EXERCISE DETAILS: Up to and including the line with "iPad 중 선택 |", reproduce the listing below exactly, beginning at its first line.

PROVIDED DATA:

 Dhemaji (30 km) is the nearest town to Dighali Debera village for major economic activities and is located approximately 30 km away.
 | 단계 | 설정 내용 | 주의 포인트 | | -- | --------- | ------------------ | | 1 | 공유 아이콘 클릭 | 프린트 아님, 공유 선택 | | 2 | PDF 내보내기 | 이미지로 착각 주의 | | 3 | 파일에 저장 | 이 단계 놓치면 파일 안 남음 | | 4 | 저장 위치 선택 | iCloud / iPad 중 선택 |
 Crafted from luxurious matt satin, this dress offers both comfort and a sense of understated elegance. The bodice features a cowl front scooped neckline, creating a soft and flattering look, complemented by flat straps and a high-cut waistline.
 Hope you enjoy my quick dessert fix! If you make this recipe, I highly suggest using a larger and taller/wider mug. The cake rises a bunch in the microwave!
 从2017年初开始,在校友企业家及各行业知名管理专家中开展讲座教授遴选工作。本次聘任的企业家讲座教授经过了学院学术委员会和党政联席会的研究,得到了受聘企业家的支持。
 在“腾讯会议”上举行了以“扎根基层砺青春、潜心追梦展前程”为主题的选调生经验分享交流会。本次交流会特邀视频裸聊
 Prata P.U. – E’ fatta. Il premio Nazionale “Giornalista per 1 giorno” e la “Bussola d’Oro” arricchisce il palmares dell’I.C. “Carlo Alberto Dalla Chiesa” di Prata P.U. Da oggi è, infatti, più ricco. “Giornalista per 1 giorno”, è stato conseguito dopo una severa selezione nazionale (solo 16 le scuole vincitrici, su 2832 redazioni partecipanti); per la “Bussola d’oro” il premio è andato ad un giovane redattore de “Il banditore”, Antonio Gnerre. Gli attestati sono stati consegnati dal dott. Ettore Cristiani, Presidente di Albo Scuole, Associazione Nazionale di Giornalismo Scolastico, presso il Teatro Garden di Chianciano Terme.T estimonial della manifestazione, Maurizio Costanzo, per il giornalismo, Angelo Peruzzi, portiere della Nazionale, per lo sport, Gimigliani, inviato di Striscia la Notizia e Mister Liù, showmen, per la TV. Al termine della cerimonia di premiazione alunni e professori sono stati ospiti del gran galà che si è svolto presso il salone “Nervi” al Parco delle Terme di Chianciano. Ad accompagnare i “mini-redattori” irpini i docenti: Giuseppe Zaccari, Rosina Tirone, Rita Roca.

FINAL ANSWER:
 Dhemaji (30 km) is the nearest town to Dighali Debera village for major economic activities and is located approximately 30 km away.
 | 단계 | 설정 내용 | 주의 포인트 | | -- | --------- | ------------------ | | 1 | 공유 아이콘 클릭 | 프린트 아님, 공유 선택 | | 2 | PDF 내보내기 | 이미지로 착각 주의 | | 3 | 파일에 저장 | 이 단계 놓치면 파일 안 남음 | | 4 | 저장 위치 선택 | iCloud / iPad 중 선택 |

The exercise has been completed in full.